§ **YOUR INSTRUCTIONS**
A picture-free, exact transcript of the entries below is required.

** RECORD EXCERPTS follows **

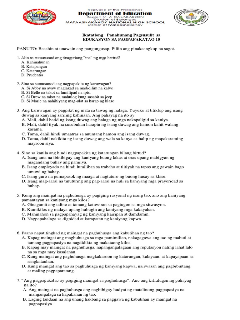 DRAFT March 31 2014 Edukasyon sa Pagpapakatao Baitang 9 Modyul 1 Pahina 4 6. Do you know the correct answer. Sa mundong ito na lalong nagiging kumplikado ang edukasyon ay isa sa pinakamahahalagang makamtan sa buhay pagsulat niya.
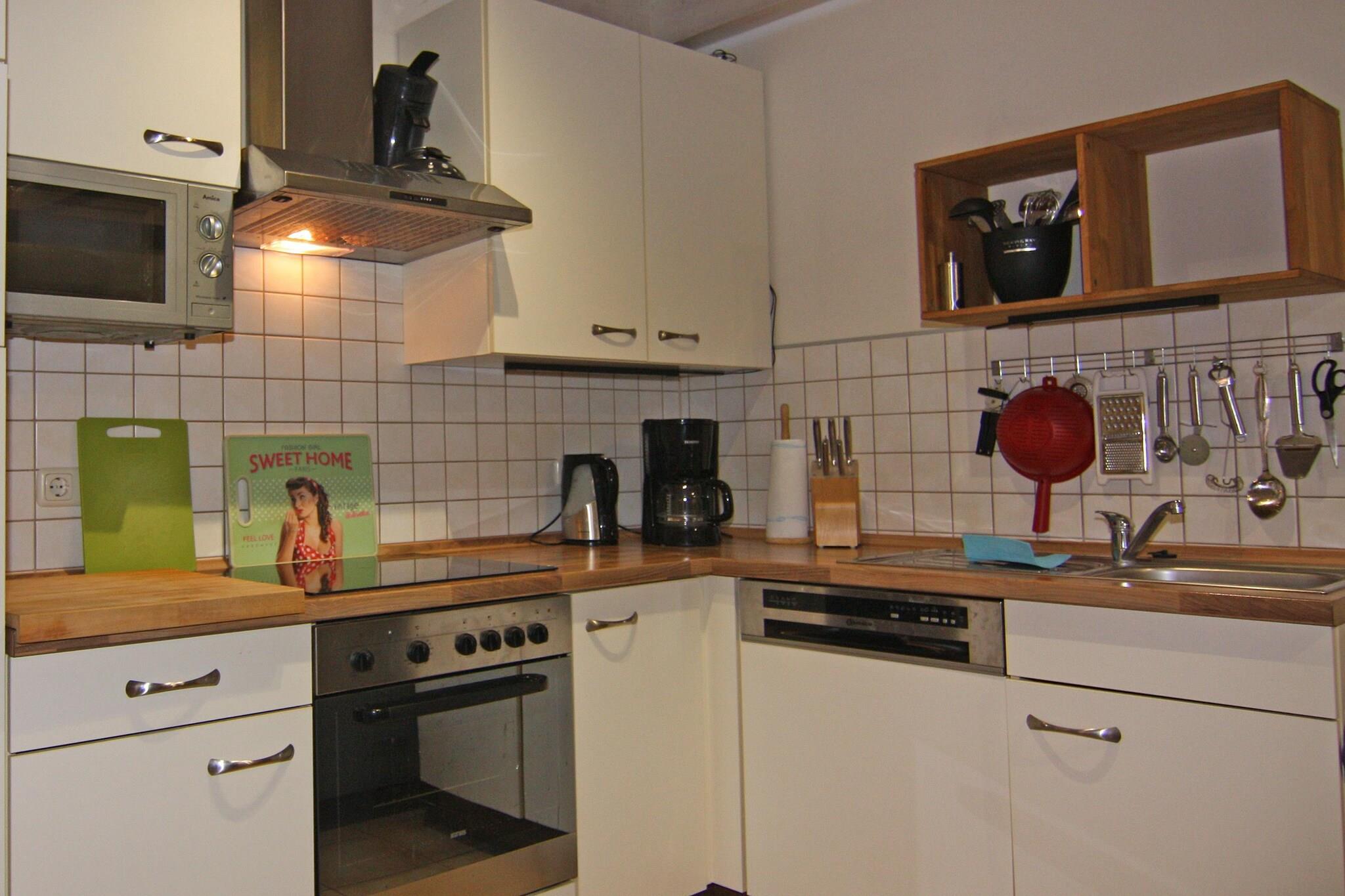 Parterre: (offene Küche(Esstisch(6 Personen), Wasserkocher, Toaster, Kochherd(4 Kochplatten, Ceranfeld), Dunstabzugshaube, Kaffeemaschine, Backofen, Mikrowelle, Spülmaschine, Kühlschrank(+ Gefrierfach)), Wohn/Esszimmer(TV(Satellit), Radio, CD-Spieler, Heizung(elektrisch), Heizung(Fußbodenheizung)), Schlafzimmer(Doppelbett), Badezimmer(Dusche(ebenerdige Dusche), Waschbecken, Toilette, Waschmaschine), Flur) In der 1. Etage: (Schlafzimmer(Doppelbett), Schlafzimmer(Einzelbett, Einzelbett), Badezimmer(Dusche, Sauna(alleinige Nutzung), Waschbecken, Toilette), Flur) Balkon, Balkon, Terrasse, Gartenmöbel, Parkplatz, Parkplatz, Hochstuhl, Babybett (kostenpflichtig), Handtücher/Bettwäsche (extra Gebühr)
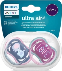 PHILIPS AVENT Ultra Air est conçue pour le confort maximal des tout-petits plus âgés. Grâce à ses orifices de ventilation exceptionnellement grands, la peau respire mieux et reste plus sèche et plus apaisée. La tétine orthodontique, compressible et symétrique respecte le développement naturel des dents et du palais et est fabriquée en silicone résistant sans BPA, sans goût ni odeur.
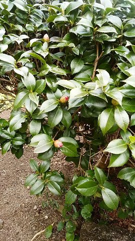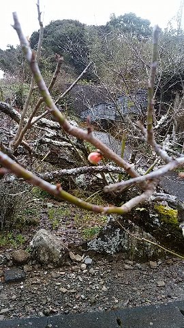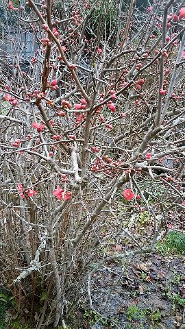 実家の庭にボケの花、梅の花、椿の花がふっくらと
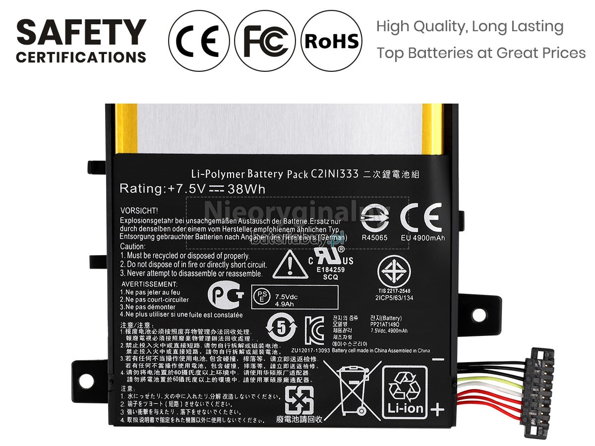 - Będziesz mógł kupić bateria do laptopa Asus C21N1333 w najbardziej przystępnej cenie, zapewniamy roczną gwarancję i 30-dniową gwarancję zwrotu pieniędzy za baterię.

** End of RECORD EXCERPTS **

§ **THE ANSWER**
 DRAFT March 31 2014 Edukasyon sa Pagpapakatao Baitang 9 Modyul 1 Pahina 4 6. Do you know the correct answer. Sa mundong ito na lalong nagiging kumplikado ang edukasyon ay isa sa pinakamahahalagang makamtan sa buhay pagsulat niya.
 Parterre: (offene Küche(Esstisch(6 Personen), Wasserkocher, Toaster, Kochherd(4 Kochplatten, Ceranfeld), Dunstabzugshaube, Kaffeemaschine, Backofen, Mikrowelle, Spülmaschine, Kühlschrank(+ Gefrierfach)), Wohn/Esszimmer(TV(Satellit), Radio, CD-Spieler, Heizung(elektrisch), Heizung(Fußbodenheizung)), Schlafzimmer(Doppelbett), Badezimmer(Dusche(ebenerdige Dusche), Waschbecken, Toilette, Waschmaschine), Flur) In der 1. Etage: (Schlafzimmer(Doppelbett), Schlafzimmer(Einzelbett, Einzelbett), Badezimmer(Dusche, Sauna(alleinige Nutzung), Waschbecken, Toilette), Flur) Balkon, Balkon, Terrasse, Gartenmöbel, Parkplatz, Parkplatz, Hochstuhl, Babybett (kostenpflichtig), Handtücher/Bettwäsche (extra Gebühr)
 PHILIPS AVENT Ultra Air est conçue pour le confort maximal des tout-petits plus âgés. Grâce à ses orifices de ventilation exceptionnellement grands, la peau respire mieux et reste plus sèche et plus apaisée. La tétine orthodontique, compressible et symétrique respecte le développement naturel des dents et du palais et est fabriquée en silicone résistant sans BPA, sans goût ni odeur.
 実家の庭にボケの花、梅の花、椿の花がふっくらと
 - Będziesz mógł kupić bateria do laptopa Asus C21N1333 w najbardziej przystępnej cenie, zapewniamy roczną gwarancję i 30-dniową gwarancję zwrotu pieniędzy za baterię.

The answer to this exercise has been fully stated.